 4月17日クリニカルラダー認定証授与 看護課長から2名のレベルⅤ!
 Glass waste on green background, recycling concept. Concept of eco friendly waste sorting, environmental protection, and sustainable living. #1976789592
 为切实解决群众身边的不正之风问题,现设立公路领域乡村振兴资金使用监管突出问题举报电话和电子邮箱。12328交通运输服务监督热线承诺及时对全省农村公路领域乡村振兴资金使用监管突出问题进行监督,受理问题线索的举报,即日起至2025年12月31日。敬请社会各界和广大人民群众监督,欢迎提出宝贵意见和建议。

____

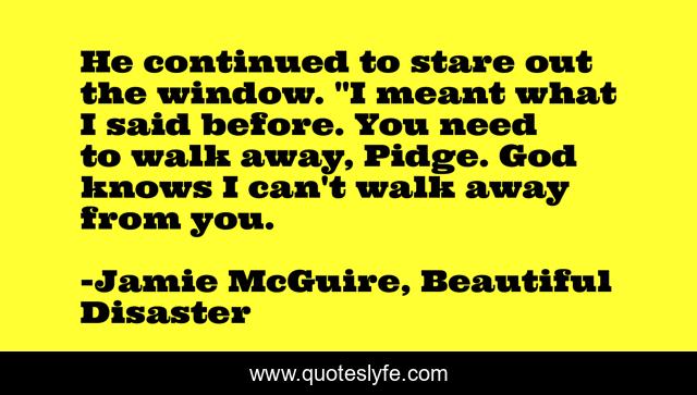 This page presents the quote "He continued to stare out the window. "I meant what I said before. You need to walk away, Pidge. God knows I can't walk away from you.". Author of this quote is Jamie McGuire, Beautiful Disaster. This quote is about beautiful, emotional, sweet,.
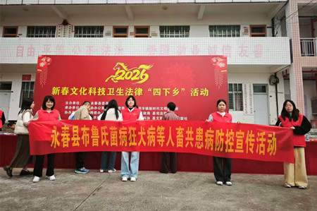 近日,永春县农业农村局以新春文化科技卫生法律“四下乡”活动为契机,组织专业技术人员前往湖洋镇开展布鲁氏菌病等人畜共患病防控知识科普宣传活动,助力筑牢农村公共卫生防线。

____

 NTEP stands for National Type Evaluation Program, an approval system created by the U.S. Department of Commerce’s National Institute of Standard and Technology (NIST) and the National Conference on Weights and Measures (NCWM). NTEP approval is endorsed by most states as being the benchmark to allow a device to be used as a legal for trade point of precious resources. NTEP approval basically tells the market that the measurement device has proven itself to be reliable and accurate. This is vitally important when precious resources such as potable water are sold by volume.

____

> WHAT THE TASK ASKS
Print, from the entries above, the line with "Glass waste on", the line with "为切实解决群众身边的不正之风" and all lines between them, exactly and with nothing else.

> RESPONSE TO THIS EXERCISE
 Glass waste on green background, recycling concept. Concept of eco friendly waste sorting, environmental protection, and sustainable living. #1976789592
 为切实解决群众身边的不正之风问题,现设立公路领域乡村振兴资金使用监管突出问题举报电话和电子邮箱。12328交通运输服务监督热线承诺及时对全省农村公路领域乡村振兴资金使用监管突出问题进行监督,受理问题线索的举报,即日起至2025年12月31日。敬请社会各界和广大人民群众监督,欢迎提出宝贵意见和建议。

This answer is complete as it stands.